> **Your goal**
Please transcribe the listing below in full, exactly as written, leaving out its pictures.

> **Records for this exercise**
[Start of section]

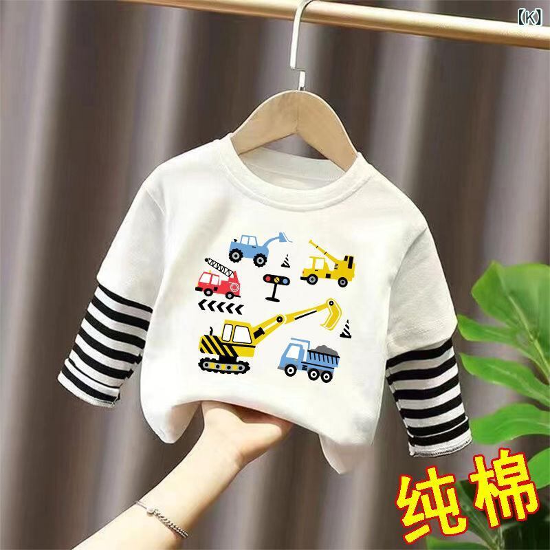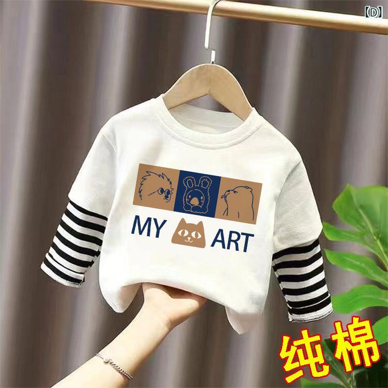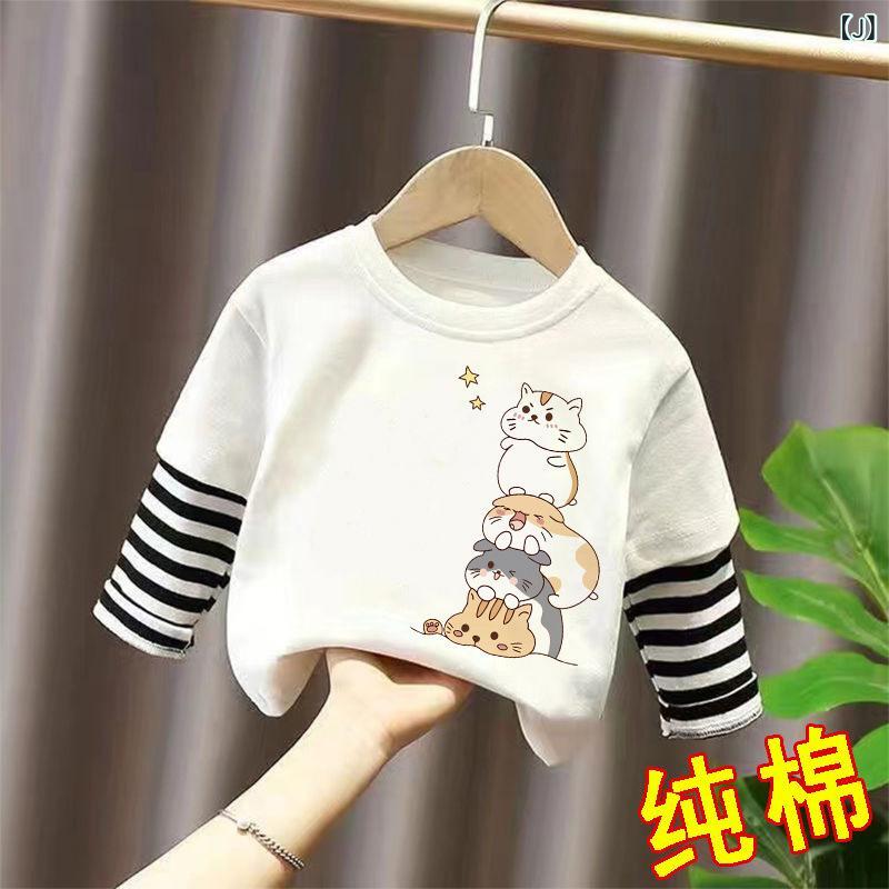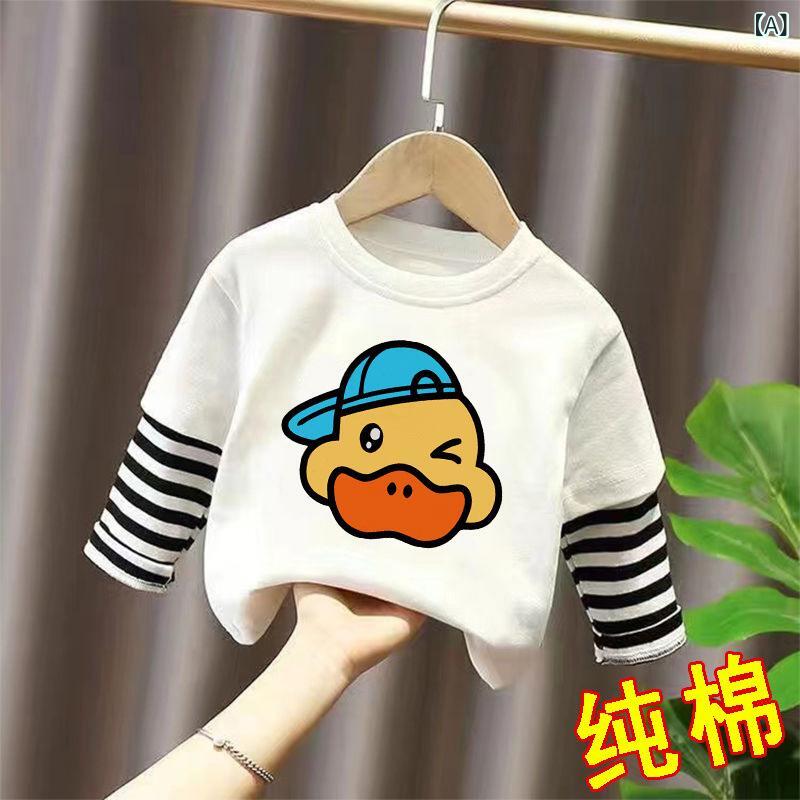 Tシャツ キッズ 長袖 子供服 男女兼用 春秋 綿100% カットソー トップス かわいい アヒル柄 クマ柄 ボーダー柄 吸汗
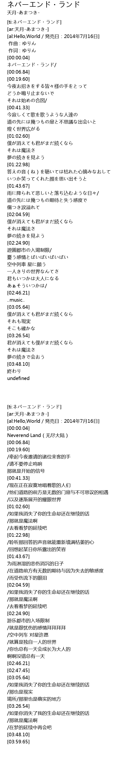 | [00:00.71] | ネバーエンド・ランド/ |
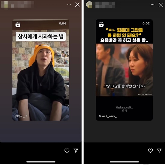 이후 김새론은 '상사에게 사과하는 법', 'XX 힘든데 그만들 좀 하면 안 돼요? 요즘따라 꼭 하고 싶은 말'이라는 제목의 짧은 영상을 올리고 바로 삭제했다.
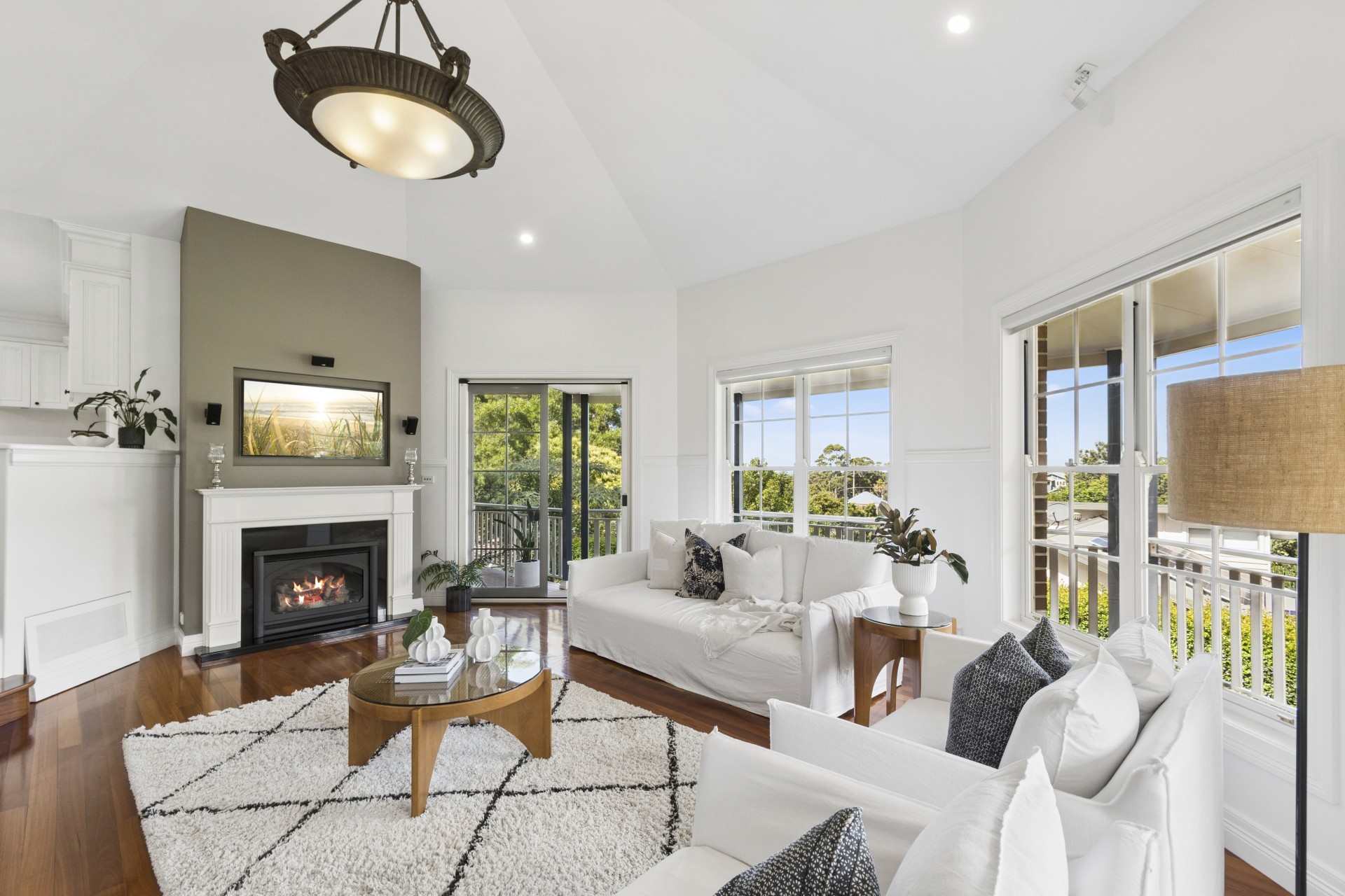 ~ Sunken living room with cathedral ceiling feature, cosy gas fireplace and Bose surround sound.
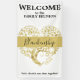 Be sure to offer a warm welcome at your next family reunion with vertical format banner featuring a gold heart shaped tree. Personalize all the text, remove the year so you can use it annually, or click customize to select a font style, size, and color. At checkout, you can select items to help hang or mount your banner so it’s ready for display after arriving in the mail.
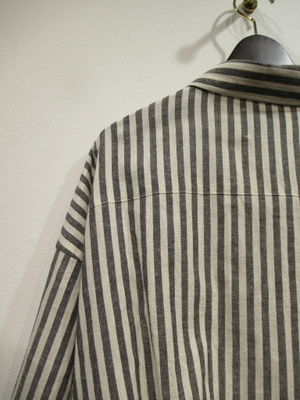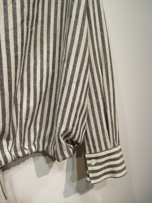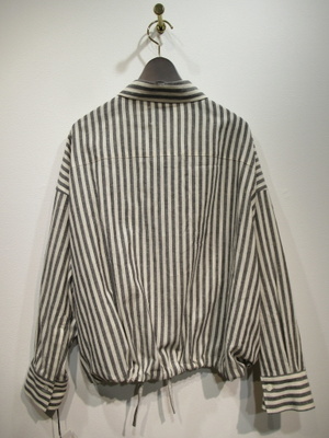オフホワイトとミディアムグレーはミディアムグレーのストライプ柄、ドロップショルダー、ざっくりめシャツ、裾はドロスト、袖口カフス、羽織にもなります、手洗い可能
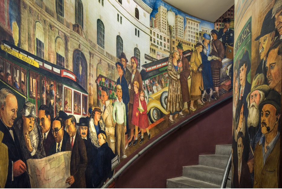 iAUDIT! - If you have never visited San Francisco’s Coit Tower, I encourage you to if and when you find yourself in The City. Besides being an architectural marvel, its interior houses a remarkable collection of murals depicting life in Depression-era California. As part of the New Deal’s Public Works of Art Project, 26 local artists created vivid visual narratives of commercial, agricultural, political, and social life in and around San Francisco. Although each is stylistically distinct, the murals share the neo-realist style of 1930’s United States: vivid colors with strong shadows expressing pressing social themes. The murals present a realistic, albeit stylized, view of a world mired in the depths of the Depression. An idealized San Francisco street scene includes a businessperson being robbed at gunpoint while others nonchalantly walk by. A wealthy family driven in their chauffeured car to view a new WPA dam gawk at a hungry migrant family camped by a stream. Workers march toward the viewer from a burning wheat field, some with clenched fists held high in the universal sign of socialism.
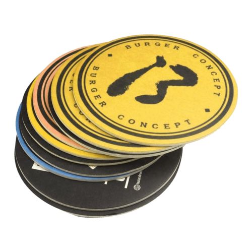 RDT2032443Carton absorbant spécial sous-bock 580g certifié FSC, épaisseur 1,4mm. Version express (délai 2 semaines). Avec impression recto & verso (visuels identiques ou différents).
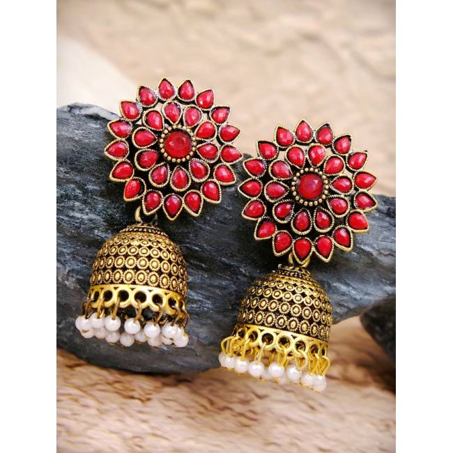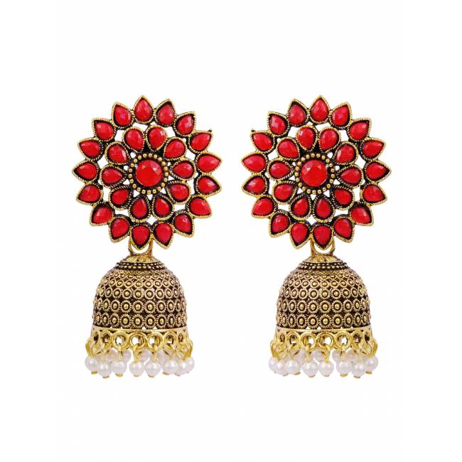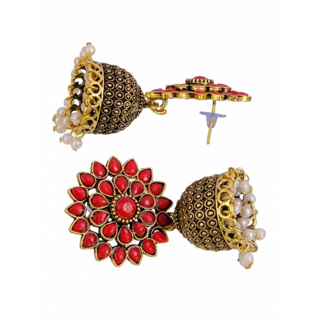 Gold Plated Meenakari Floral Red Jhumka Earrings With White Pearl RAE0903
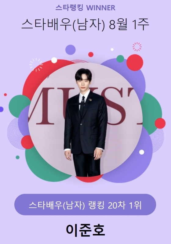 이준호는 지난 3일 오후 3시 1분부터 10일 오후 3시까지 진행된 8월 1주(20차) 스타랭킹 스타배우 남자 랭킹 투표에서 김남길, 류준열을 꺾고 1위를 차지했다.
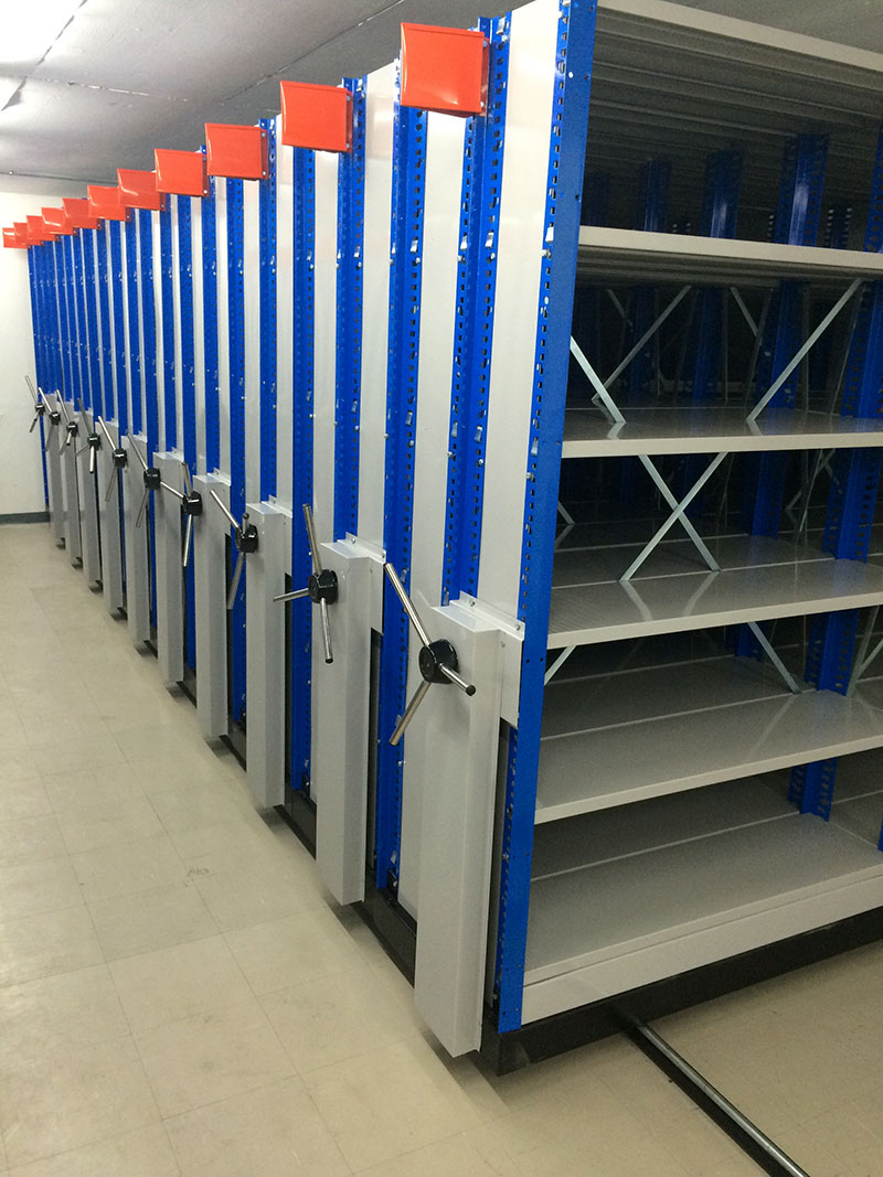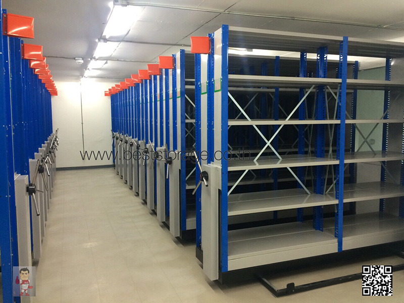 เป็นชั้นวางของ หรือชั้นวางสินค้า ที่สามารถเลื่อนซ้อนกันได้ ด้วยระบบราง วิธีการนี้ทำให้ไม่สูญเสียเนื้อที่ทางเดินระหว่างชั้น เพิ่มเนื้อที่ใช้สอยได้มากกว่า 50% อายุการใช้งานนาน บำรุงรักษาง่าย เหมาะกับการติดตั้งในพื้นที่แคบ ๆ แต่ต้องการจัดเก็บในปริมาณมาก ระบบในการขับเคลื่อน มีทั้งแบบมือผลัก และพวงมาลัยหมุน
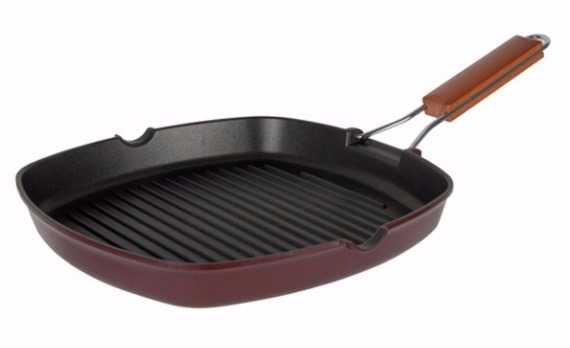 - Немецкая марка Gipfel предлагает довольно лёгкие чугунные сковородки гриль. Они отличаются цветом, размером и типом покрытия — антипригарное трёхслойное или керамическое напыление.

[End of section]

> **Solution for this exercise**
 Tシャツ キッズ 長袖 子供服 男女兼用 春秋 綿100% カットソー トップス かわいい アヒル柄 クマ柄 ボーダー柄 吸汗
 | [00:00.71] | ネバーエンド・ランド/ |
 이후 김새론은 '상사에게 사과하는 법', 'XX 힘든데 그만들 좀 하면 안 돼요? 요즘따라 꼭 하고 싶은 말'이라는 제목의 짧은 영상을 올리고 바로 삭제했다.
 ~ Sunken living room with cathedral ceiling feature, cosy gas fireplace and Bose surround sound.
 Be sure to offer a warm welcome at your next family reunion with vertical format banner featuring a gold heart shaped tree. Personalize all the text, remove the year so you can use it annually, or click customize to select a font style, size, and color. At checkout, you can select items to help hang or mount your banner so it’s ready for display after arriving in the mail.
オフホワイトとミディアムグレーはミディアムグレーのストライプ柄、ドロップショルダー、ざっくりめシャツ、裾はドロスト、袖口カフス、羽織にもなります、手洗い可能
 iAUDIT! - If you have never visited San Francisco’s Coit Tower, I encourage you to if and when you find yourself in The City. Besides being an architectural marvel, its interior houses a remarkable collection of murals depicting life in Depression-era California. As part of the New Deal’s Public Works of Art Project, 26 local artists created vivid visual narratives of commercial, agricultural, political, and social life in and around San Francisco. Although each is stylistically distinct, the murals share the neo-realist style of 1930’s United States: vivid colors with strong shadows expressing pressing social themes. The murals present a realistic, albeit stylized, view of a world mired in the depths of the Depression. An idealized San Francisco street scene includes a businessperson being robbed at gunpoint while others nonchalantly walk by. A wealthy family driven in their chauffeured car to view a new WPA dam gawk at a hungry migrant family camped by a stream. Workers march toward the viewer from a burning wheat field, some with clenched fists held high in the universal sign of socialism.
 RDT2032443Carton absorbant spécial sous-bock 580g certifié FSC, épaisseur 1,4mm. Version express (délai 2 semaines). Avec impression recto & verso (visuels identiques ou différents).
 Gold Plated Meenakari Floral Red Jhumka Earrings With White Pearl RAE0903
 이준호는 지난 3일 오후 3시 1분부터 10일 오후 3시까지 진행된 8월 1주(20차) 스타랭킹 스타배우 남자 랭킹 투표에서 김남길, 류준열을 꺾고 1위를 차지했다.
 เป็นชั้นวางของ หรือชั้นวางสินค้า ที่สามารถเลื่อนซ้อนกันได้ ด้วยระบบราง วิธีการนี้ทำให้ไม่สูญเสียเนื้อที่ทางเดินระหว่างชั้น เพิ่มเนื้อที่ใช้สอยได้มากกว่า 50% อายุการใช้งานนาน บำรุงรักษาง่าย เหมาะกับการติดตั้งในพื้นที่แคบ ๆ แต่ต้องการจัดเก็บในปริมาณมาก ระบบในการขับเคลื่อน มีทั้งแบบมือผลัก และพวงมาลัยหมุน
 - Немецкая марка Gipfel предлагает довольно лёгкие чугунные сковородки гриль. Они отличаются цветом, размером и типом покрытия — антипригарное трёхслойное или керамическое напыление.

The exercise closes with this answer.